Employees want more flexibility in business travel
While business travel has resumed and most employees are willing to travel for their organization, employees want and expect more flexibility in traveling now than they have in the past. The reasons?
- 48% want flexibility to ensure that they feel safe when they travel to certain parts of the world. [This is especially important because in the past 12 months, more than half (53%) of global business travelers said they have changed their accommodations because they felt unsafe.]
- 47% want flexibility to help them maintain a healthier work-life balance.
- 34% cite the need to add personal travel to work trips.

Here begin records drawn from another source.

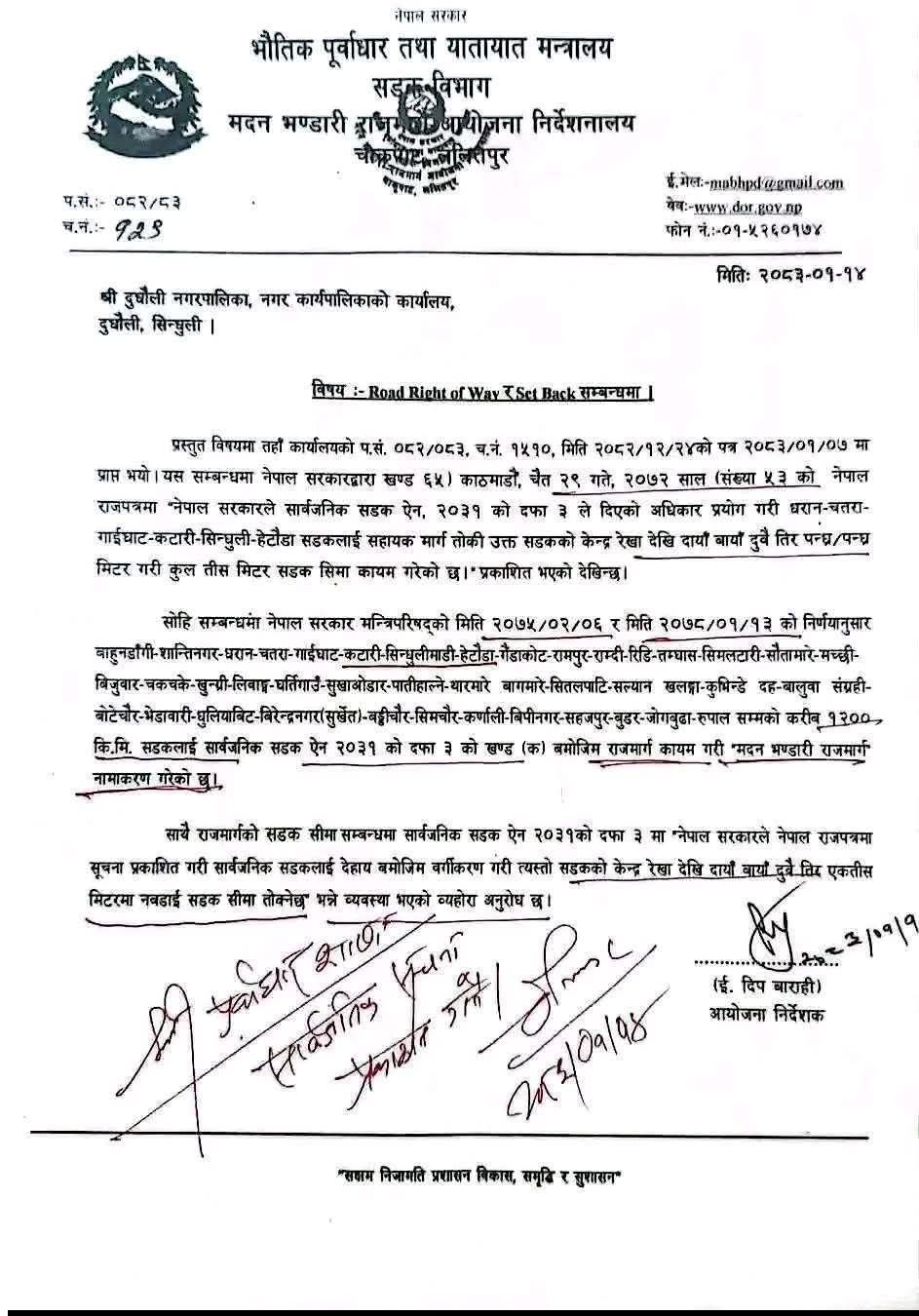 यही बिन्दुबाट भ्रम सुरु भएको देखिन्छ। सामाजिक सञ्जालमा भाइरल भएको पत्रले ३१/३१ मिटर सीमा उल्लेख गरेपछि धेरैले यसलाई तत्काल लागू भइसकेको ठाने। तर पत्रको सन्दर्भ हेर्दा, यो कुनै राष्ट्रव्यापी कार्यान्वयन निर्णय नभई स्थानीय तहमा उठेको एउटा प्राविधिक जिज्ञासाको जवाफ थियो। दुधौली नगरपालिकामा घरको नक्सा पास गर्ने क्रममा एक सेवाग्राहीले मदन भण्डारी राजमार्गको ३१ मिटरभित्रै निर्माण प्रस्ताव गरेपछि पालिकाले स्पष्टता खोजेको थियो। सुरूमा मौखिक रूपमा १५/१५ मिटर जानकारी दिइए पनि, लिखित जवाफमा ३१/३१ मिटर “मानक” उल्लेख भएपछि यही पत्र सार्वजनिक भयो र व्यापक रूपमा फैलियो।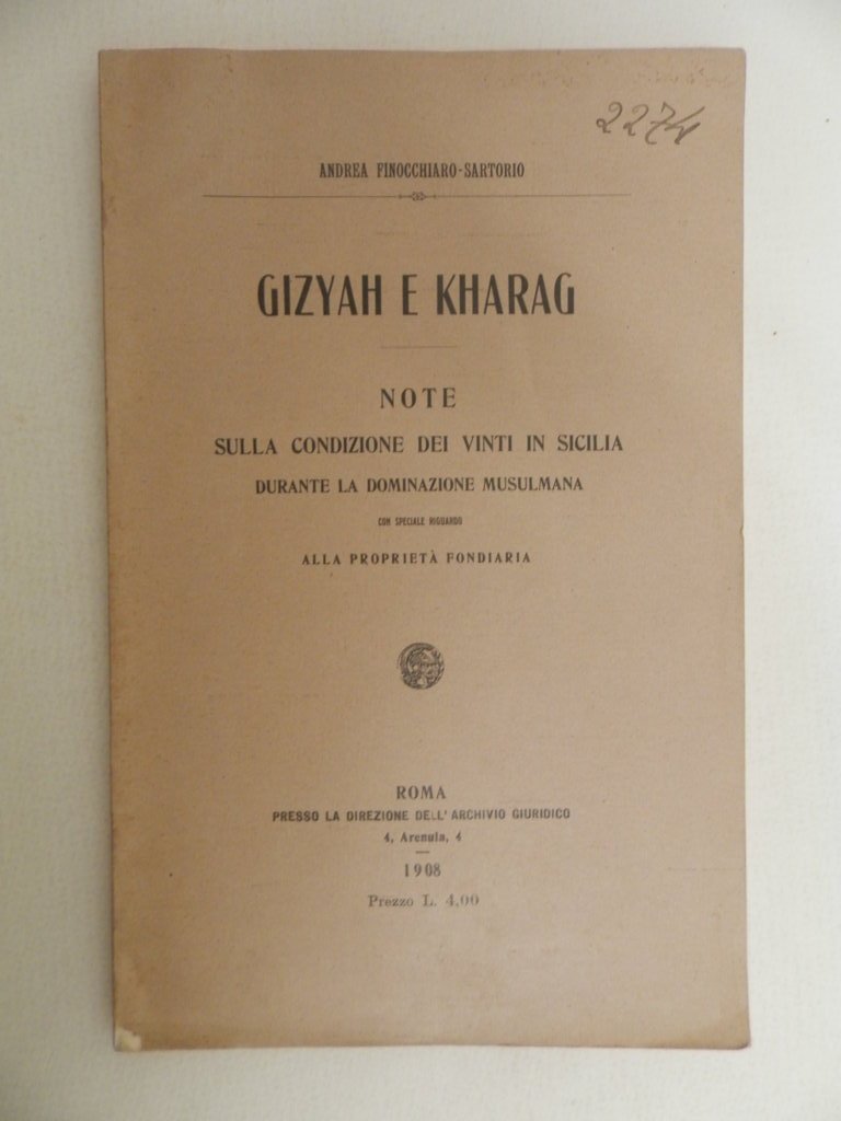 Gizyah e Kharag. Note sulla condizione dei vinti in Sicilia durante la dominazione musulmana con speciale riguardo ala proprietà fonfiaria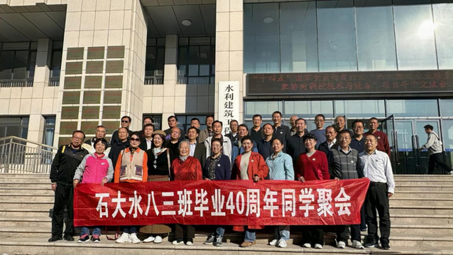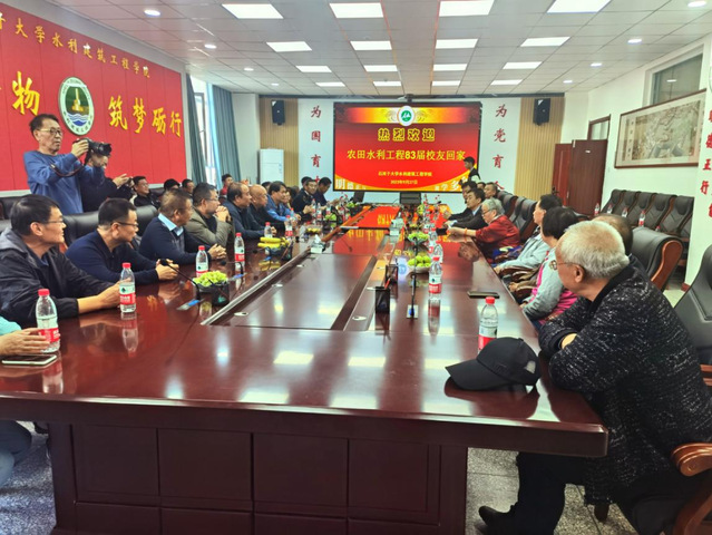 10月27日下午,云顶国际-云顶国际娱乐 农田水利工程专业83届校友毕业四十周年校友聚会在云顶国际-云顶国际娱乐 举行。来自全国各地三十名校友欢聚一堂,共叙青春年华,畅聊激情岁月。校党委常委、副校长叶含春、学院党委书记汤骅、院长王振华、退休老教师代表水83班班主任王凤霞、刘建军、王庆参加座谈会。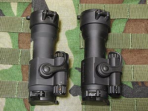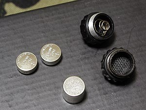 ![]() バッテリーは上がレプリカのLR44 1.5Vが2個直列に対して、実物はUS規格の「DL1/3N」リチウム電池が1個3Vで駆動する。日本だとカメラ用の「CR1/3N」(しーあーる さんぶんのいち) や、「CR1/3 1・HC」が利用可能。秋葉原や大型カメラ店で1個6~700円程度で入手できる。バッテリー蓋のマイナス側形状も違う。マニュアルには1,000~10,000時間のバッテリーライフと記載されている。M2のNVDポジション(つまり0クリック)で10年点灯し続けるとも書いてある。嘘くさい。 |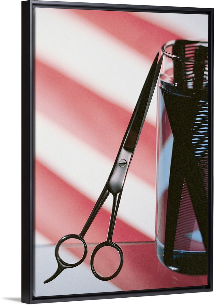 <p>Still life of barbershop pole with scissors and combs</p>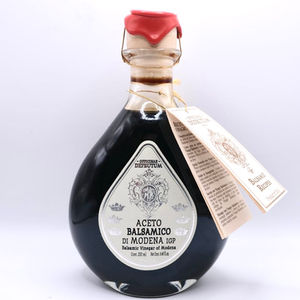 Made of wine vinegar + cooked grape must, aged for minimum 60 days in wood barrels. Acidity 6% - Density 1.13. No coloring Caramel added.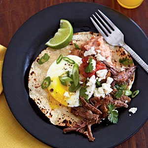 4. Place 2 tortillas on each of 4 plates, and top each tortilla with 2 tablespoons bean mixture. Top beans with 2 tablespoons Beef Barbacoa. Place 1 poached egg on each plate so it overlaps both tortillas. Top each serving with 1 tablespoon remaining salsa. Sprinkle each serving with 2 tablespoons cheese, 1 tablespoon green onions, and 1 tablespoon fresh cilantro. Serve with lime wedges.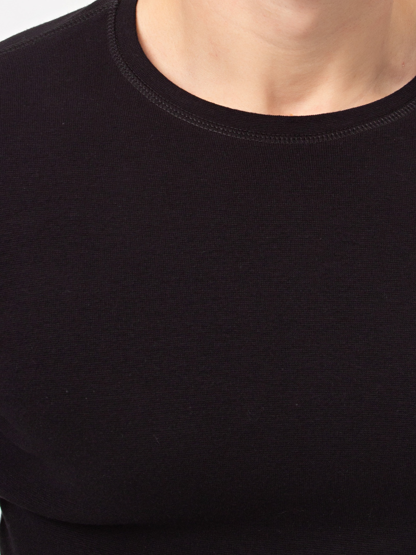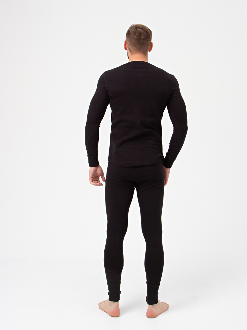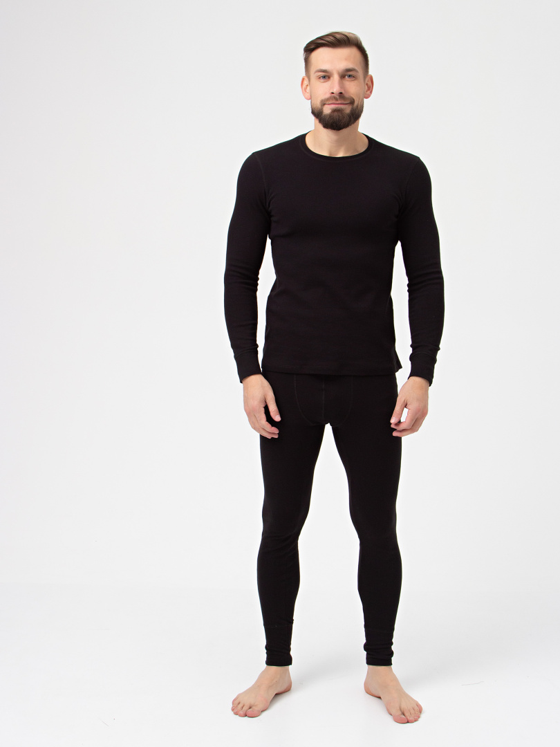 Мужской комплект термобелья состоит из джемпера и кальсон. Джемпер средней длины прилегающего силуэта с удлиненной спинкой. Рукав втачной длинный на манжете. Небольшой круглый вырез горловины. Кальсоны прилегающего покроя на манжете внизу.

“What we’re seeing here is a more empowered traveler, a traveler who has maybe not greater needs, but a greater comfort with expressing and acting on those needs than what we’ve seen traditionally,” Richter says.
Dion shared that as a bleisure person herself, knowing that she can combine business travel with personal leisure travel makes her more willing to travel, more open to travel, and more excited to travel. “It gives me a work-life balance even while I travel,” she says. “It’s a nice balance for me.”
With this shift to flexible travel, there is added pressure and stress on travel managers and a change in the approach to duty of care. “Five years ago, duty of care was really about keeping people safe, and it still is, but these days, the definition of safety extends beyond just physical safety. It really is a more holistic approach,” Richter says.
Dion agrees. “It’s not just there’s a hurricane coming, or there’s a flood, or there’s a war breaking out. There’s many, many more aspects to think about. There’s health. Can I get healthcare in the place that I’m traveling to? Will people be reacting to my accent, my look, my affectations, my gender? So, this becomes really that duty of care is no longer just a compliance checkpoint, it’s a lifestyle.”